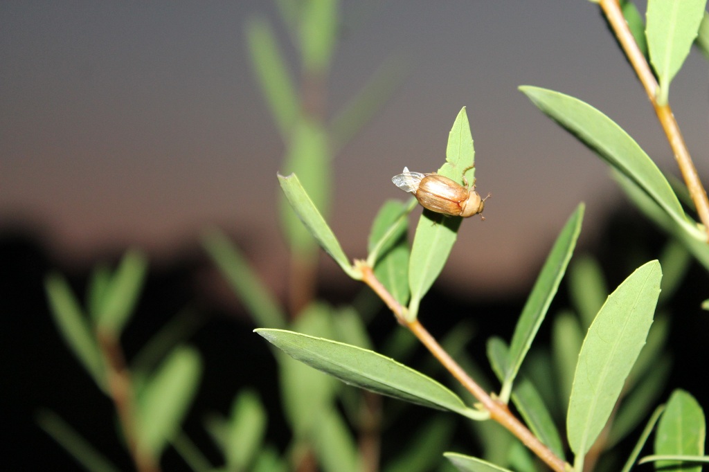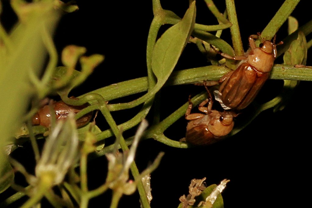 Amadotrogus grassii (Mainardi, 1902)Lazio, Roma, Pineta di Ostia-Castelfusano, 18.VIII.2012, M. Gigli legit Finalmente li ho trovati! Era un po' che speravo di trovare questo endemismo tosco-lazial-campano, ma non ero mai riuscito ad andare nel posto giusto al momento giusto. Oggi pomeriggio sono uscito verso le 18.00 per andare a ritirare un paio di trappole per necrofori che avevo messo tempo fa a Maccarese. Alle 18.40 ero sul posto, alle 19.00 avevo già visto che le due trappole non c'erano più (una scoperchiata e svuotata, l'altra scomparsa), e dopo aver preso un paio di mutille per Marcello, visto che la strada per tornare verso Roma era tutta una fila si macchine di gente che rientrava dal mare, ho pensato di deviare e andare a vedere nella pineta di Ostia se per caso girava questa benedetta bestia. Arrivo nella pineta poco dopo le 19.30, proprio mentre la folla stava andandosene. Stando a quanto avevo letto e mi avevano detto, questa bestia svolazza intorno alle chiome degli alberi, quindi mi dirigo verso una parte di pineta devastata dall'incendio di alcuni anni fa, in cui pini e piante della macchia mediterranea sono in fase di ricrescita e per la maggior parte superano di poco i 2 metri, o anche meno. All'inizio non si vede in giro niente, a parte un'altra mutilla e qualche Tentyria e Scaurus. Nel frattempo tramonta il sole. Poco minuti dopo noto un piccolo Melolonthino svolazzare sulla cima di un pinetto, troppo rapido per fare qualsiasi cosa. Comincio a guardare le cime dei vari arbusti ed alberelli, e quasi ovunque c'è movimento! Si vedono quasi solo quando sono in volo, ma ce ne sono anche posati tra il fogliame, anche se quasi invisibili. Dopo qualche tentativo andato a vuoto, finalmente riesco a fare qualche scatto un po' più decente! Fotografarli è quasi impossibile, perché non stanno fermi un attimo. Poi, ovviamente, mi metto a prenderne qualcuno. Prima inizio a spostarmi da una pianta all'altra, ma è più il tempo che perdo che altro, la maggior parte è irraggiungibile ) col retino corto e col manico che si svita) e la luce cala sempre più. Allora mi fermo di fronte ad una pianta promettente, quella della foto con quei tre, e aspetto. Ogni pochi secondi ne arriva uno. Forse è rimasto l'odore della femmina. Tutto dura 10-15 minuti, tra gli attacchi volanti dei pipistrelli e dei succiacapre, poi, poco prima che faccia buio del tutto, non se ne vede più uno. Devono essere tutti sulle piante. tanto vale che me ne vada a cena pure io.
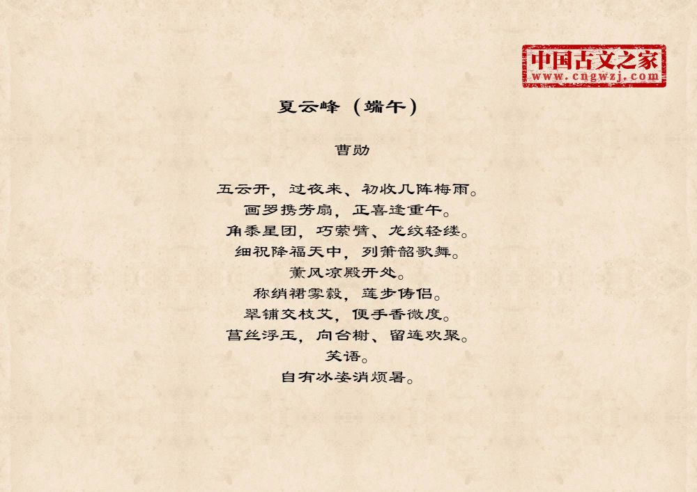 五云开,过夜来、初收几阵梅雨。画罗携芳扇,正喜逢重午。角黍星团,巧萦臂、龙纹轻缕。细祝降福天中,列箫韶歌舞。薰风凉殿开处。称绡裙雾縠,莲步俦侣。翠铺交枝艾,便手香微度。菖丝浮玉,向台榭、留连欢聚。笑语。自有冰姿消烦暑。
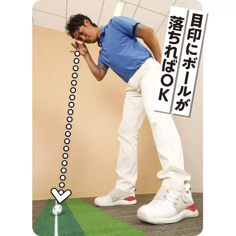 適当な目印の真上に目をセット。目の位置からボールを落としてそこに落下すればOK。これを両目でやる。

*Task description*.
What is needed here is an exact repetition of the listing above, pictures excluded.

*Response below*.
 Amadotrogus grassii (Mainardi, 1902)Lazio, Roma, Pineta di Ostia-Castelfusano, 18.VIII.2012, M. Gigli legit Finalmente li ho trovati! Era un po' che speravo di trovare questo endemismo tosco-lazial-campano, ma non ero mai riuscito ad andare nel posto giusto al momento giusto. Oggi pomeriggio sono uscito verso le 18.00 per andare a ritirare un paio di trappole per necrofori che avevo messo tempo fa a Maccarese. Alle 18.40 ero sul posto, alle 19.00 avevo già visto che le due trappole non c'erano più (una scoperchiata e svuotata, l'altra scomparsa), e dopo aver preso un paio di mutille per Marcello, visto che la strada per tornare verso Roma era tutta una fila si macchine di gente che rientrava dal mare, ho pensato di deviare e andare a vedere nella pineta di Ostia se per caso girava questa benedetta bestia. Arrivo nella pineta poco dopo le 19.30, proprio mentre la folla stava andandosene. Stando a quanto avevo letto e mi avevano detto, questa bestia svolazza intorno alle chiome degli alberi, quindi mi dirigo verso una parte di pineta devastata dall'incendio di alcuni anni fa, in cui pini e piante della macchia mediterranea sono in fase di ricrescita e per la maggior parte superano di poco i 2 metri, o anche meno. All'inizio non si vede in giro niente, a parte un'altra mutilla e qualche Tentyria e Scaurus. Nel frattempo tramonta il sole. Poco minuti dopo noto un piccolo Melolonthino svolazzare sulla cima di un pinetto, troppo rapido per fare qualsiasi cosa. Comincio a guardare le cime dei vari arbusti ed alberelli, e quasi ovunque c'è movimento! Si vedono quasi solo quando sono in volo, ma ce ne sono anche posati tra il fogliame, anche se quasi invisibili. Dopo qualche tentativo andato a vuoto, finalmente riesco a fare qualche scatto un po' più decente! Fotografarli è quasi impossibile, perché non stanno fermi un attimo. Poi, ovviamente, mi metto a prenderne qualcuno. Prima inizio a spostarmi da una pianta all'altra, ma è più il tempo che perdo che altro, la maggior parte è irraggiungibile ) col retino corto e col manico che si svita) e la luce cala sempre più. Allora mi fermo di fronte ad una pianta promettente, quella della foto con quei tre, e aspetto. Ogni pochi secondi ne arriva uno. Forse è rimasto l'odore della femmina. Tutto dura 10-15 minuti, tra gli attacchi volanti dei pipistrelli e dei succiacapre, poi, poco prima che faccia buio del tutto, non se ne vede più uno. Devono essere tutti sulle piante. tanto vale che me ne vada a cena pure io.
 五云开,过夜来、初收几阵梅雨。画罗携芳扇,正喜逢重午。角黍星团,巧萦臂、龙纹轻缕。细祝降福天中,列箫韶歌舞。薰风凉殿开处。称绡裙雾縠,莲步俦侣。翠铺交枝艾,便手香微度。菖丝浮玉,向台榭、留连欢聚。笑语。自有冰姿消烦暑。
 適当な目印の真上に目をセット。目の位置からボールを落としてそこに落下すればOK。これを両目でやる。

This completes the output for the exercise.